I’ll skip using the lead for obvious reasons. And I don’t have any tow, which presumably would be made from flax or hemp rope. The pitch acts as a flux, helping prevent oxidation of the liquid tin and lead. I have other substances which might do, such as lard or beeswax.
In order to tin the group cauldron therefore, I set it up like this on a fire:#
It took a while to heat through due to the mass of bronze.
I put some beeswax in it and some pure tin used for soldering. Eventually this melted:
Now came the interesting thing. No matter how I scraped the tin around the inside using a piece of leather, it didn’t stick properly to the bronze. Which wasn’t too surprising, but it is nice to demonstrate clearly how the plain straightforward instructions are lacking something.

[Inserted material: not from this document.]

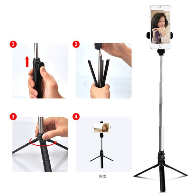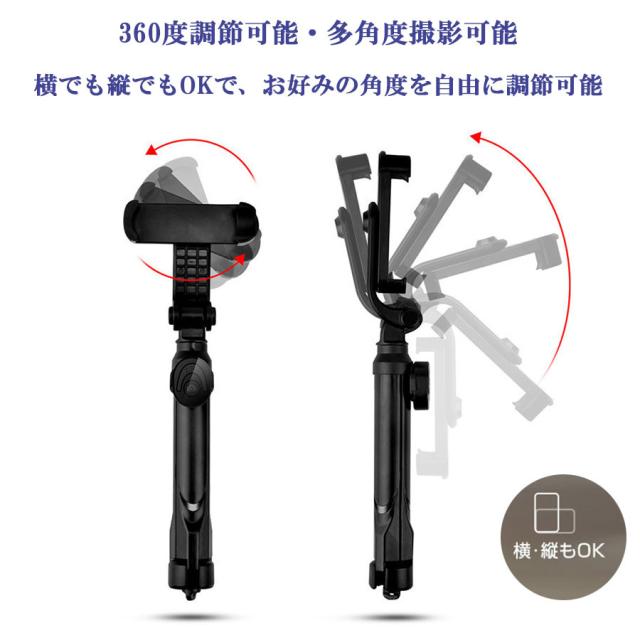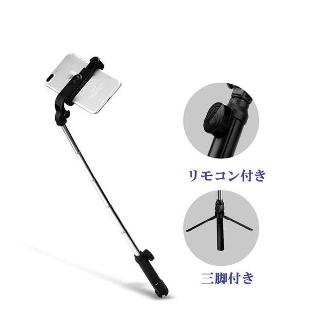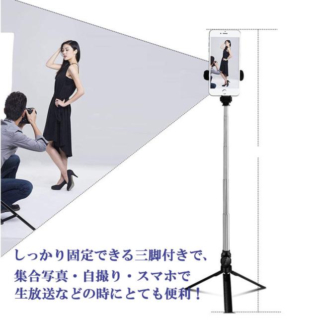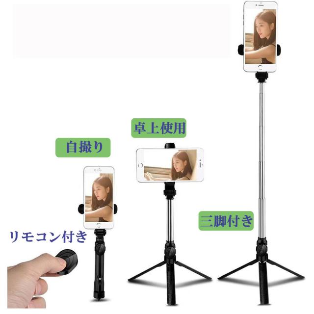 自撮り棒 三脚付き セルカ棒 リモコン付き スマホ 自撮り 伸縮調節可能 360度回転可能 コンパクト 軽量 写真 撮影 旅行

Amazingly, this lack of information persisted even into the 19th century. This photo is of a book found on google books, and it is remarkably similar to the instructions given by Biringuccio:
After doing it a second time I had the following result:
Not tinned properly at all.
This gave me a good clue what was wrong – the metal was so hot the tin melted off it again, and what I needed to do was to control the heat. So searching the internet for more information, I found this article, in which a man who re-tins old pans and such explained the importance of the temperature, which is ideally kept at to ten degrees above the melting point of tin.
Thus the limits of Biringuccio. Over time I expect to find more about such limits, since leaving out the importance of limiting the temperature of the item being tinned is rather a big thing.
Now I just need to decide whether to try it again in various ways, such as using a ladle full of tin and a blowtorch, or else use an electrolytic method and tin in solution.
You might think that I go about these things in an inefficient and ineffective manner, but actually I find I learn best through making mistakes, and in making the mistakes, I get a much better idea of the parameters involved in the process and what skills are involved. Plus by following the recipe as nearly as possible as given, it makes clear how good it is.